The New Notes will be offered in a private placement in Canada under available prospectus exemptions and in the United States to qualified institutional buyers under Rule 144A under the United States Securities Act of 1933 (the "Securities Act"). The New Notes have not been and will not be registered under the Securities Act and may not be offered or sold in the United States absent registration under the Securities Act or an applicable exemption from the registration requirements of the Securities Act. The New Notes will be guaranteed, jointly and severally, by Great Canadian's current and future material restricted subsidiaries.
The Offering is expected to close on or about July 24, 2012, subject to customary closing conditions and the amendment of the Company's existing credit agreement.

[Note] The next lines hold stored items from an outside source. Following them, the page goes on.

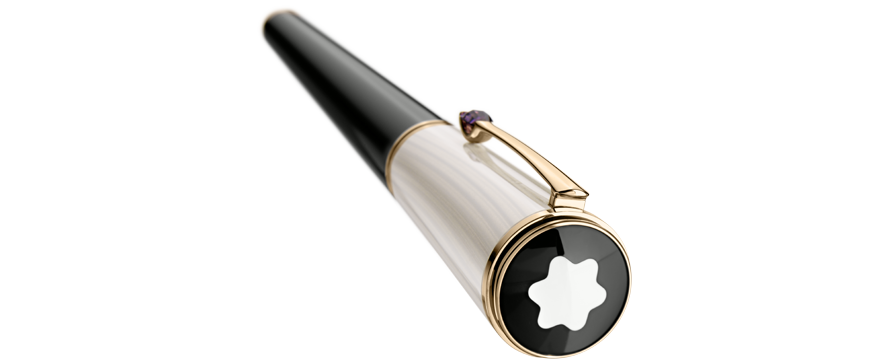 Kolekcja damska od marki Montblanc La Donna jest piękna, wyjątkowo kobieca, a także zachwycająca. Poświęcona znakomitej aktorce Ingrid Bergman (1915- 1982). Korpus został wykonany z czarnej żywicy, wykończenia pokryte różowym złotem. Skuwka pokryta warstwą masy perłowej. Klips zakończony ametystem. Stalówka wykonana jest z 18-to karatowego złota, ręcznie robiona. Pióro wieczne tylko na naboje.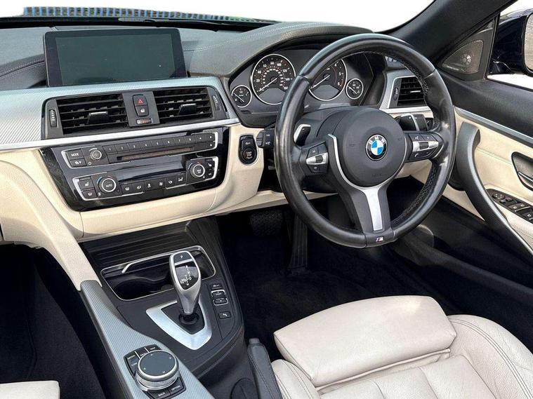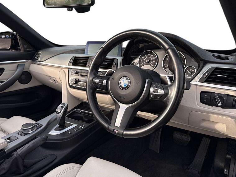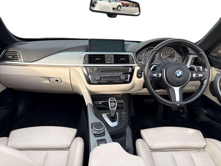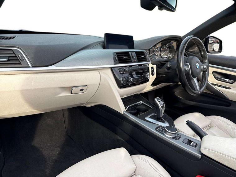 BMW Online services, BMW remote services, BMW Teleservices, Brake pad wear indicator warning light, Check control system, Door/boot open warning, Front/rear Parking distance control, iDrive controller and display with 6.5" monitor, Lights on warning, Oil temperature gauge, On board computer, Outside temperature display, Real time traffic information, Run flat indicator, Service interval indicator, Stop/start button, Diesel particulate filter, Drive Performance Control, Electronic differential lock, Sports function on gearbox with steering wheel mounted gearshift paddles, Bluetooth audio streaming, BMW professional radio/CD/MP3, DAB Digital radio, 2 speed adjustable intermittent wipers with wash/wipe function, Auto dimming rear view mirror, Body colour bumpers, Body colour door handles, Body colour door mirrors, Body colour roof mouldings, Chrome kidney grille with black vertical slats, Door sill finishers, Dual chrome exhaust, Electric adjustable heated door mirrors, Electric front windows/one touch facility, Follow me home headlights, Heat insulating tinted glass, Heated windscreen washer jets, High gloss shadow line, LED daytime running lights, LED front fog lights, M aerodynamic bodystyling, Rain sensor including auto headlights activation, Welcome lighting, Windscreen with grey shadeband, 12V sockets in front centre console and passenger footwell, 3 spoke leather M sport multifunction sports steering wheel, Anthracite Velour floor mats, Dual zone climate control, Folding front centre armrest with storage compartment, Folding storage compartment with glasses holder + coin tray, Front cupholders x 2, Front door storage with bottle holder, Front head restraints, Front sports seats with electric side bolster adjustment, Front/rear armrests within door panels, Glovebox with lid, Heated front seats, Integrated rear head restraints, ISOFIX child seat preparation+airbag deactivation, Lashing eyelets in boot, Leather handbrake grip, Reach + rake adjustable steering column, Rear centre armrest, Storage compartment behind rear seat, Storage compartment in centre rear seat base, Storage compartment in rear centre console, Toolkit located in luggage compartment, Extended lights package - 4 Series, 3 point seatbelts on all seats, ABS/EBD, Automatic Stability Control (ASC), BMW emergency call, Brake energy regeneration, Cornering brake control (CBC), Crash Sensor - activates hazard/interior lighting + unlocks doors, Driver seatbelt warning indicator, Driver/Front Passenger airbags, DSC+, Dynamic brake control, Dynamic Traction Control - DTC, Front passenger airbag deactivation, Front seatbelt force limiters, Front seatbelt pretensioner, Front side airbags, Hill start assist, Roll over protection, Side impact protection, Tyre pressure monitor, Warning triangle and first aid kit, Central locking including fuel filler and boot, Drive away door locking, Electronic immobiliser, Remote control Thatcham category 1 alarm,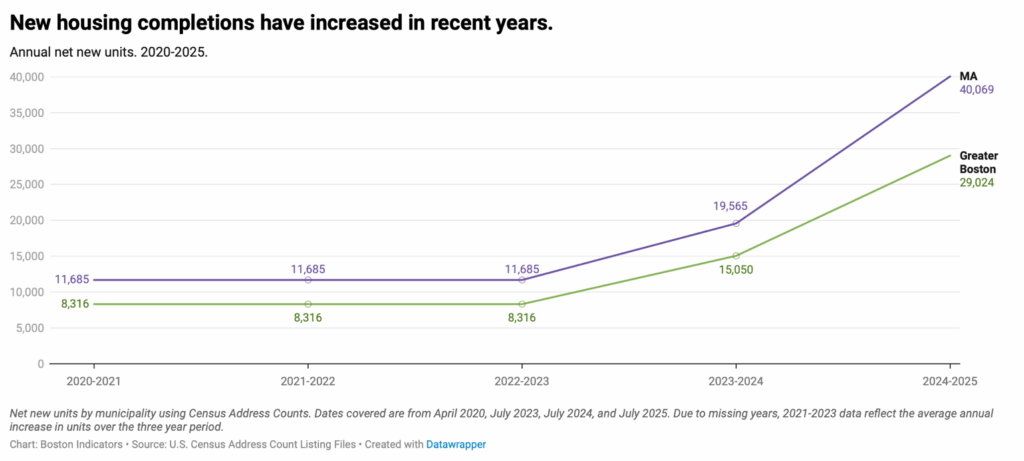 Massachusetts added 40,069 new homes between July 2024 and July 2025, according to a report released Tuesday by the Boston Indicators think-tank at The Boston Foundation.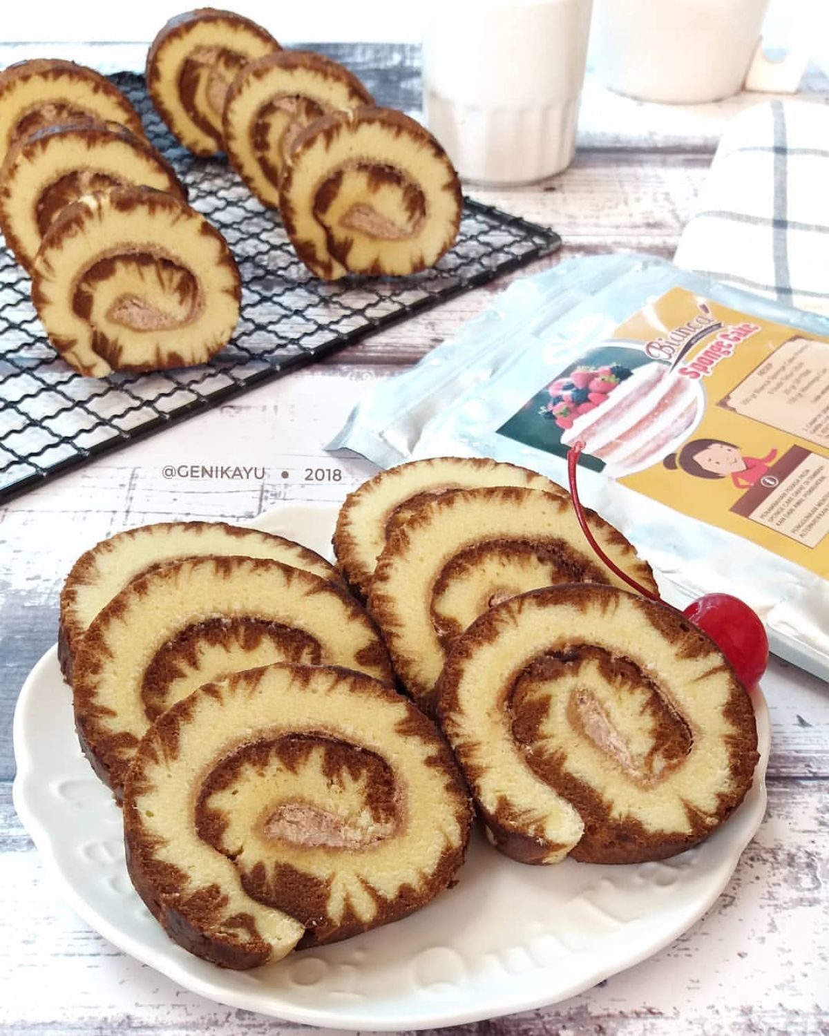 - Setelah diolesi cream, gulung kue perlahan-lahan agar tidak pecah. Potong kue menjadi beberapa bagian untuk disajikan.

The Company expects to receive aggregate net proceeds of approximately $440 million from the Offering, after deducting underwriting fees and estimated offering expenses.
Great Canadian intends to use the net proceeds from the Offering to fund the purchase or redemption of its 7.250% senior subordinated notes due 2015 (the "Old Notes"), to repay the Tranche B term loans under its credit agreement and derivative liabilities relating to hedging transactions in connection with the Old Notes and the Tranche B term loans and for general corporate purposes.
Scotia Capital Inc. and HSBC Securities (Canada) Inc. are acting as joint book-running managers for the Offering.
This press release is for informational purposes only and is not an offer to buy or a solicitation of an offer to sell any securities of the Company. The Toronto Stock Exchange has neither approved nor disapproved the form or content of this press release.
ABOUT GREAT CANADIAN GAMING CORPORATION
Great Canadian Gaming Corporation is a multi-jurisdictional gaming, entertainment and hospitality operator with operations in British Columbia, Ontario and Nova Scotia, and Washington State. The Company operates ten casinos, a thoroughbred racetrack that offers slot machines, three standardbred racetracks (two offer slot machines and one offers both slot machines and table games), two community gaming centres, a bingo hall, a resort with two hotels, a conference centre and a marina, two show theatres and various associated food and beverage and entertainment facilities. As of March 31, 2012, the Company had approximately 4,000 employees in Canada and approximately 600 in Washington State. Further information is available on the Company's website, www.gcgaming.com.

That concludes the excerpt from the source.